About Bioidentical Hormones Bioidentical hormones are derived from plants and have the same chemical structure as the body's natural hormones. They are used as a therapeutic treatment for men and women requiring hormone replacement. Bioidentical hormones differ from other therapeutic hormonal preparations which may have a similar function to the body's hormones, but do not have identical structures. Hormones with different structure are likely to have different levels of activity in the body than the natural hormones and require different metabolism. Pig insulin, for example, was used in the past to treat humans with diabetes due to the lack of a human source of the hormone. While pig insulin had the same function as the human hormone, it had a different chemical structure. In fact, the term 'bioidentical hormones' is most often used in reference to the female and male sex hormones, estrogens, progesterone and testosterone. The terms 'natural' and 'bioidentical' have different meanings. 'Natural' means derived from a natural source rather than from chemical synthesis in the laboratory. Plant estrogen-like compounds, from which bioidentical hormones are derived, are natural to plants, but must be converted to the human form by reactions carried out in the laboratory.
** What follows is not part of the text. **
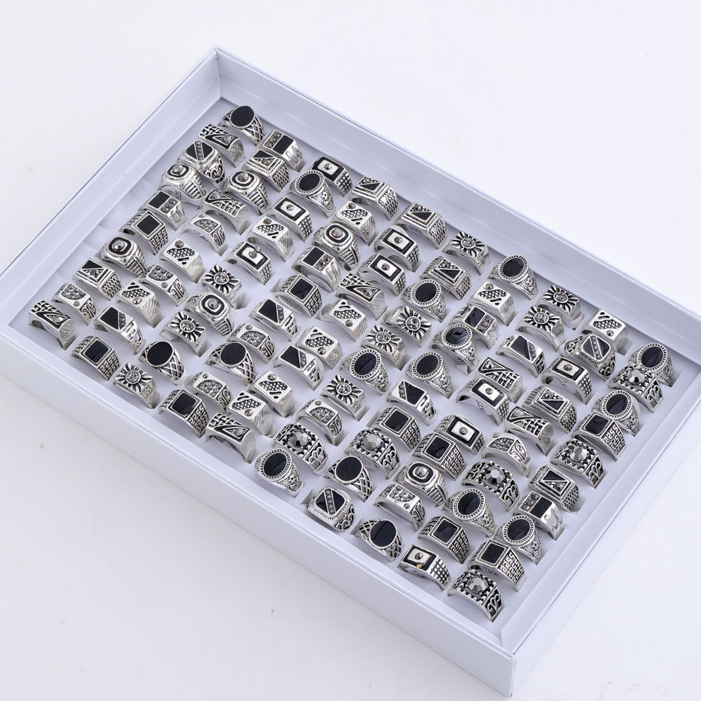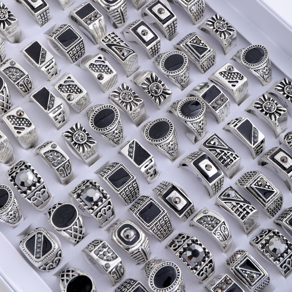 European and American Style Vintage Silver-Plated Men's Ring with Black Accessories, Versatile and Simple Index Finger Ring, Mixed Styles Wholesale

About BHRT BHRT is used for the same purpose as conventional hormone replacement therapy (HRT) to relieve the symptoms of menopause, andropause and other hormone deificiency states. The general term HRT covers all possible combinations of the family of sex hormones, all the different doses used and all of the different means of delivery, such as oral and transdermal via patches or gels. BHRT is HRT that uses combinations of the three bioidentical hormones, estrone, estradiol and estriol and, where appropriate, progesterone and testosterone. Estrone can be converted to estradiol and vice versa. Estrone is also converted to estriol, the most abundant but least active of the three estrogens.
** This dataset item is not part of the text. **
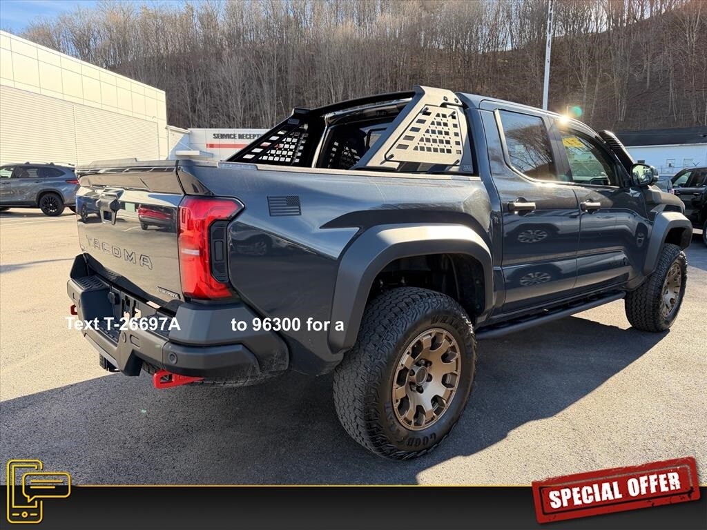 Trailhunter Package, Tacoma Hybrid Trailhunter, 4D Crew Cab, 2.4L I4 PDI Hybrid Turbocharged DOHC 16V, 8-Speed Automatic, 4WD, Underground, Boulder w/SofTex Seat Trim, ABS brakes, Electronic Stability Control, Front dual zone A/C, Gunmetal Tailgate Insert (TMS), Heads-Up Display, Heated & Ventilated Front Bucket Seats, Heated door mirrors, Heated front seats, Illuminated entry, JBL Premium Audio, Low tire pressure warning, Navigation system: Drive Connect (1 year trial) includes Cloud Navigation with real time traffic and Google POI, Power driver seat, Radio: 14" Toyota Audio Multimedia, Remote keyless entry, SofTex Seat Trim, Traction control, Ventilated front seats, Wheels: 18" Bronze-Finished Trailhunter Alloy, 3.583 Axle Ratio, 4-Wheel Disc Brakes, 9 Speakers, Air Conditioning, AM/FM radio: SiriusXM, Anti-whiplash front head restraints, Apple CarPlay/Android Auto, Auto High-beam Headlights, Auto-dimming Rear-View mirror, Automatic temperature control, Brake assist, Bumpers: body-color, Connected Services Trial Offering (1Y) (TMS), Driver door bin, Driver vanity mirror, Dual front impact airbags, Dual front side impact airbags, Emergency communication system: Safety Connect (1-year trial), Exterior Parking Camera Rear, Four wheel independent suspension, Front anti-roll bar, Front Bucket Seats, Front Center Armrest, Front fog lights, Front reading lights, Fully automatic headlights, Garage door transmitter: HomeLink, Heated steering wheel, Knee airbag, Leather Shift Knob, Leather steering wheel, Occupant sensing airbag, Outside temperature display, Overhead airbag, Overhead console, Panic alarm, Passenger door bin, Passenger vanity mirror, Power door mirrors, Power passenger seat, Power steering, Power windows, Rear anti-roll bar, Rear step bumper, Rear window defroster, Security system, Speed control, Speed-sensing steering, Split folding rear seat, Steering wheel mounted audio controls, Tachometer, Telescoping steering wheel, Tilt steering wheel, Trip computer, Turn signal indicator mirrors, and Variably intermittent wipers.

BHRT versus conventional HRT Women respond differently to the hormone formulations used for conventional HRT which may fail to deal with their symptoms (usually those associated with menopause) or make them feel unwell. BHRT offers an alternative to women who do not tolerate conventional HRT well or who make an informed decision to use biodentical hormones instead of hormones with a different chemical structure. The use of bioidentical hormones is the major difference between the two, but other differences include the types and concentrations of estrogens, the method of delivery and the fact that BHRT is not available from a commercial manufacturer. Instead, a prescription for BHRT is provided by the doctor and made up by a compounding chemist on a custom-made basis. The tailor-made formulations used in BHRT are designed to suit the individual’s biology and also their medical history. Bioidentical hormones are convenient in that a custom-made formulation can contain estrogens, progesterone and testosterone in a single lozenge.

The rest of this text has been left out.